Competing Interests: The authors have declared that no competing interests exist.
Citation: Silka L, Toof R, Grigg-Saito D (2007) Eight Americas: Differences in Asian Communities Are Important. PLoS Med 4(1): e41 doi:10.1371/journal.pmed.0040041
Linda Silka (linda_silka@uml.edu)
University of Massachusetts Lowell, Lowell, Massachusetts, United States of America
Robin Toof, Center for Family, Work, and Community, University of Massachusetts Lowell, Lowell, Massachusetts, United States of America
Dorcas Grigg-Saito, Lowell Community Health Center, Lowell, Massachusetts, United States of America
The article “Eight Americas: Investigating Mortality Disparities across Races, Counties, and Race-Counties in the United States” [1] reports on what the authors describe as racial differences in mortality. The authors analyze what they label the “eight Americas” (i.e., Asian; Northland low-income rural white; Middle America; low-income whites in Appalachia and the Mississippi Valley; Western Native American; Black Middle America; Southern low-income rural black; high-risk urban black). In contrast to other races, “Asian” is treated as a single homogenous category. Income and geographical differences are not considered. The authors point out that they have likely collapsed across differences with the “Asian” category, but they go on to report their results as if such differences are inconsequential. They are not. With regard to health disparities, such differences are particularly important.

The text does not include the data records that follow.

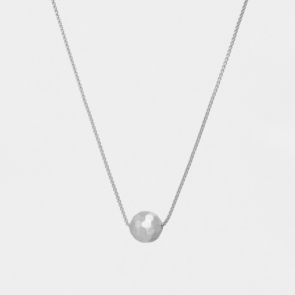 Every jewelry wardrobe needs a simple silver necklace that goes with everything. Hello, Disco Pendant. With hand-hammered facets, a luxe brushed finish, and slide closure for an adjustable length, this design is destined to be your everyday fave.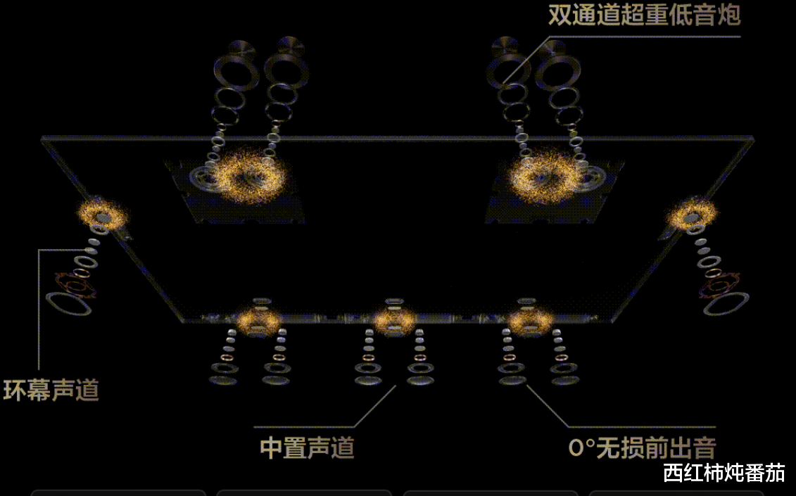 作为机皇,X11L自然是要音画双修,所以TCL把一组双通道超重低音炮放在了机身背面,只用于营造低频震感;侧面一组环幕声道;「下巴」内则隐藏了 3个喇叭用于无损出音(中置声道) ▲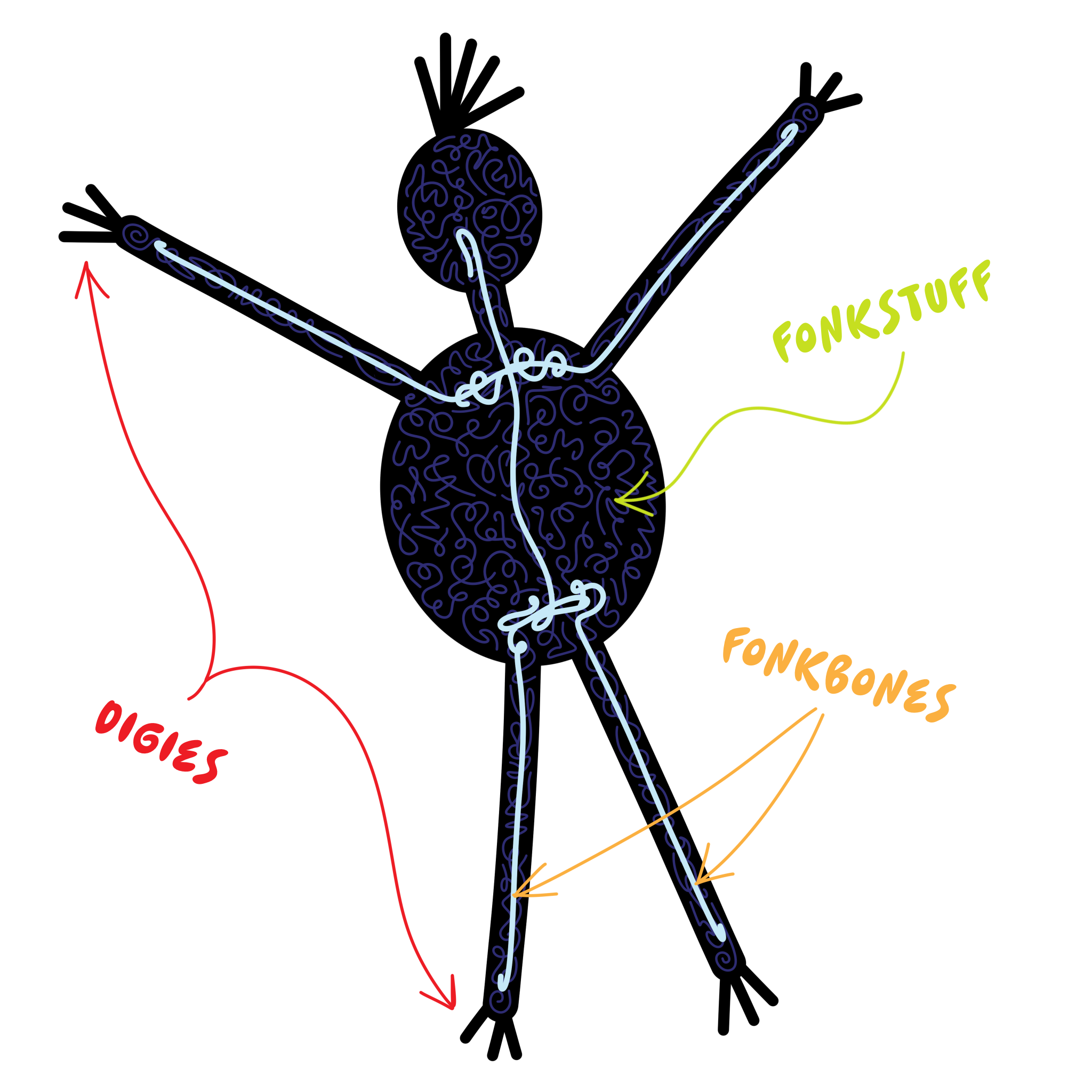 Fonkbones are what make a fonk so gosh darn posable. Bendy bones aren’t like our bones, are they? Not at all. Fonkbones are meant to be bent!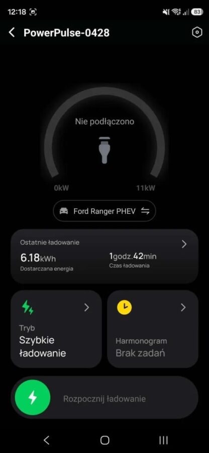 Największą siłą EcoFlow PowerPulse 2 jest tak naprawdę aplikacja, z poziomu której ustawimy dosłownie wszystko. Pierwsza kwestia to uruchamianie ładowania, które może odbywać się w trójnasób – z poziomu aplikacji, kartą RFID lub po prostu plug and play. Ostatnia opcja jest najprostsza i nie ma problemu, by ją wybrać niezależnie od samochodu, jaki będziemy ładować, bo ładowarka wspiera wszelkiego rodzaju pojazdy – zarówno ładowane jedno-, jak i trójfazowo. Dostępne są dwie wersje: 11 kW / 16 A lub 22 kW / 32 A – my mamy pierwszą z nich.

Consider recent findings that speak to health differences within the nominal category of “Asian.” As a part of the Center for Disease Control and Prevention's Racial and Ethnic Approaches to Community Health (REACH) 2010 program [2], a survey was conducted in 2001–2002 with a sample of Vietnamese in several counties in California and Cambodians in Lowell, Massachusetts (the second largest Cambodian community in the US). Comparing the results to the national 2002 Behavior Risk Factor Surveillance System survey that aggregates all Asian responses, the Koch-Weser et al. data indicate that the educational level and income of Cambodians and Vietnamese were substantially lower than all Asians, and that Cambodians and Vietnamese were three times more likely than other Asians to not have visited a doctor in the past year due to financial reasons. In addition, in comparison to all Asians or the general population, higher proportions of Cambodian and Vietnamese men reported smoking (50.4% and 30.4% respectively compared to 14.7% of aggregated Asians), and Cambodian and Vietnamese of both genders reported eating fewer vegetables (16.4% and 11.1%). And in the case of important chronic health problems such as diabetes, only 47.7% of Cambodians surveyed reported having their cholesterol checked and 41.9% reported having a hemoglobin A1c test conducted if they had diabetes.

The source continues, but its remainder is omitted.